Welcome to the forum and hello from Canada to you and your dad, Austin.  We like Jerry.

Geo


----------



## Thorlifter (Sep 7, 2013)

Welcome to you both!


----------



## meatloaf109 (Sep 7, 2013)

Ah, yes! Woody, (Jerry) is a good friend!
Welcome to the forum. Hope to see some of the models you are building!


----------



## vikingBerserker (Sep 7, 2013)

Welcome aboard gents!


----------



## DerAdlerIstGelandet (Sep 7, 2013)

Welcome!


----------



## Lucky13 (Sep 8, 2013)

Welcome to asylum guys!


----------



## Crimea_River (Sep 8, 2013)

Welcome aboard from up north.


----------



## GrauGeist (Sep 8, 2013)

Welcome from out west!


----------



## Wurger (Sep 8, 2013)

Welcome. Greetings from Poland.


----------



## Wayne Little (Sep 8, 2013)

Welcome aboard from down under!


----------



## woody (Sep 8, 2013)

Welcome aboard guys glad you joined up looking forward to seeing your builds so get busy.


----------



## Gnomey (Sep 8, 2013)

Welcome.


----------



## Soldier (Sep 8, 2013)

Welcome


----------



## N4521U (Sep 8, 2013)

And from an expat down under.....................


----------



## meatloaf109 (Sep 8, 2013)

Yer' a what?!?!


----------



## N4521U (Sep 8, 2013)

I am an Expat.....................


A: What is an expat - Ask.com
What Is an Expat - Ask.com
An Expat is a foreigner temporarily or permanently residing in a country and culture 
other than that of the person's upbringing or legal residence.


----------



## meatloaf109 (Sep 8, 2013)

Oh, thank goodness, I thought it was something dirty.


----------



## Lucky13 (Sep 8, 2013)

Who, what are you now then, when you're not Pat?


----------



## N4521U (Sep 8, 2013)

Pet !
Just ask My Annie!


----------



## Airframes (Sep 9, 2013)

And a belated welcome from England - land of the long black cloud !


----------



## Lucky13 (Sep 9, 2013)

.....and the dancing Hippocroccofrogs!


----------



## Airframes (Sep 10, 2013)

Nah, they're too darned big and fat to dance !


----------



## Readie (Sep 14, 2013)

We had a family 'do' in the Bank pub, in Plymouth last new years eve.

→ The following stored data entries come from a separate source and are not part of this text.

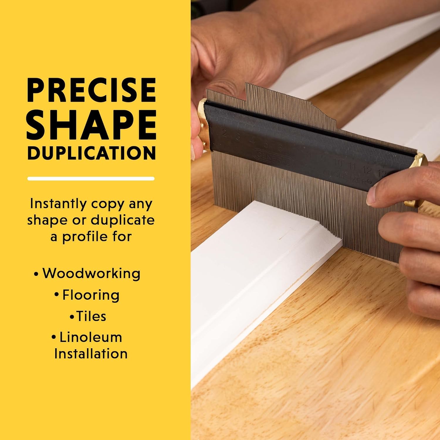 PRECISE SHAPE DUPLICATION: Instantly copy any shape or duplicate a profile for woodworking, tile flooring, and linoleum installation. This ANGLE-IZER tool can replicate the detailed moldings or match cut-outs around door casings and pipes.nPERFECT PROFILE: With 35 leaves-per-inch, our contour gauge duplicator accurately records the cross-sectional shape of any surface. It can measure profiles up to 3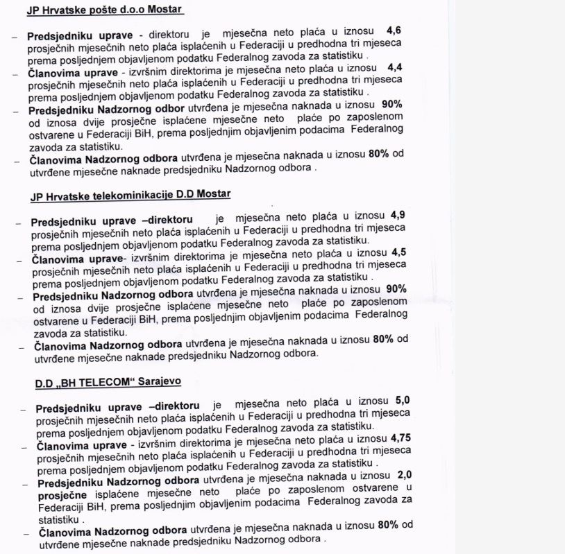 Ministarstvo prometa i komunikacija FBiH dostavilo je Predstavničkom domu Parlamenta FBiH podatke o mjesečnim neto platama direktora BH Telecoma, HT-a Mostar, Hrvatske pošte Mostar, zatim Bh. pošte Sarajevo, Autocesta FBiH, Cesta FBiH, kao i javnih preduzeća Ceste Mostar, Sarajevoputevi, Međunarodnog aerodroma Sarajevo i Željeznica FBiH.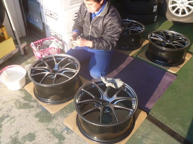 1本1本隅ずみまで丁寧にホイール専用のガラスコーティング剤を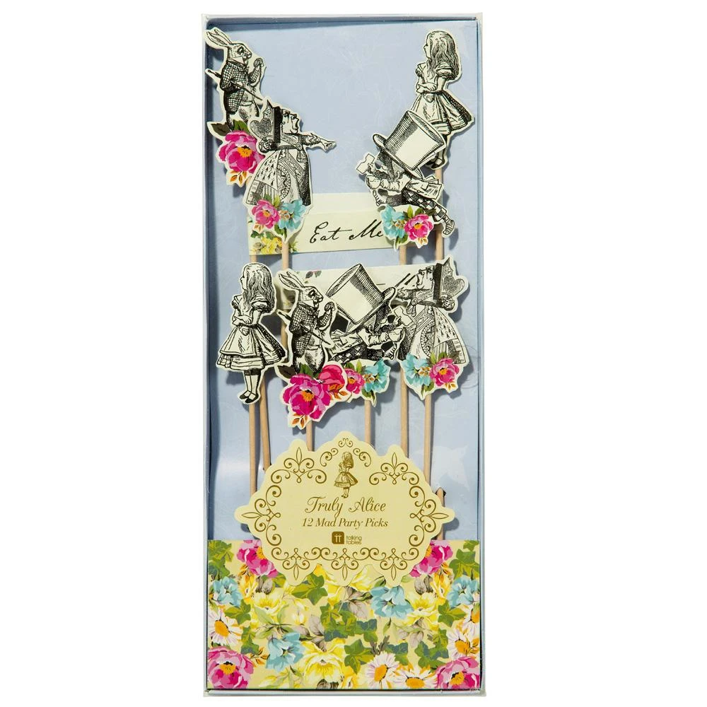 Label your treats in true mad hatter fashion with Alice in Wonderland Party Picks! These wooden food picks feature cardstock cutouts of Alice, the Mad Hatter, the Queen of Hearts, and the White Rabbit. Some picks include an additional “Eat Me” flag to catch the attention of curious guests. Each cutout is printed with original illustrations from the book and beautiful pastel floral designs. Show off your finger foods or top your child’s birthday cake with the Alice in Wonderland cake toppers. Pair these elegant tea party picks with our Alice in Wonderland collection for your child’s Alice in Wonderland birthday party.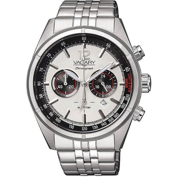 Orologio da uomo di Vagary della collezione Rockwell. Cronografo con movimento al quarzo citizen e resistenza all'acqua di 10 ATM. La cassa é in acciaio con lunetta fitta con diametro di 42 mm. Quadrante bianco con indici applicati. Bracciale in acciaio con chiusura a pulsante. Presenza di datario e vetro minerale. La referenza è: IV4-811-11.Questo cronografo verrà spedito con Scatola Originale Vagary By Citizen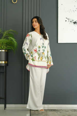 The radiant ensemble offers a unique and stylish look for any special occasion. This 2-piece suit features a chic contemporary short shirt with minimal floral prints. The matching trousers make it a trendy outfit to style at fun gatherings.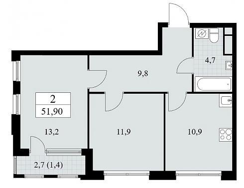 Планировка двухкомнатной квартиры 51,9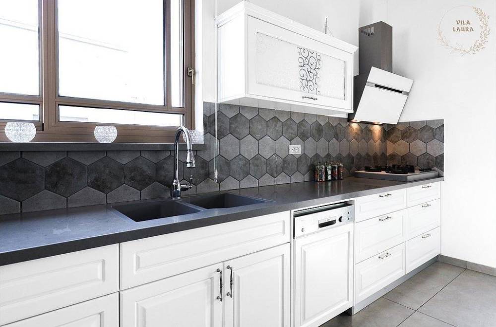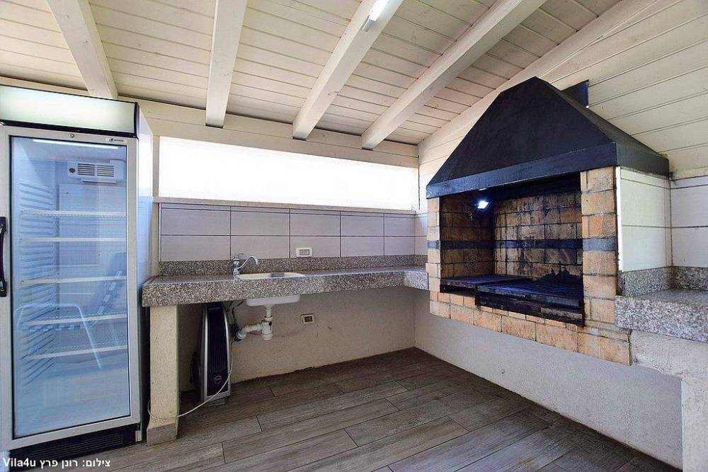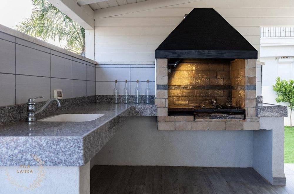 מרפסת מקורה עם מטבח חיצוני מאובזר ועמדת מנגל מקצועית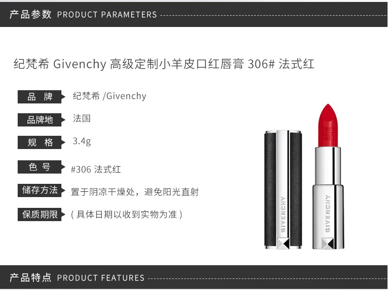 GIVENCHY纪梵希 高级定制小羊皮唇膏 小羊皮 #306 3.4g 法国

There were some rather large young ladies there would could shake the bar balcony... and its a BIG balcony... when they pranced about.
Sheeez kebab.


----------



## Lucky13 (Sep 14, 2013)

Hunting the next 'meal' old boy?


----------



## Readie (Sep 15, 2013)

In a horrible way yes....old fellow.


----------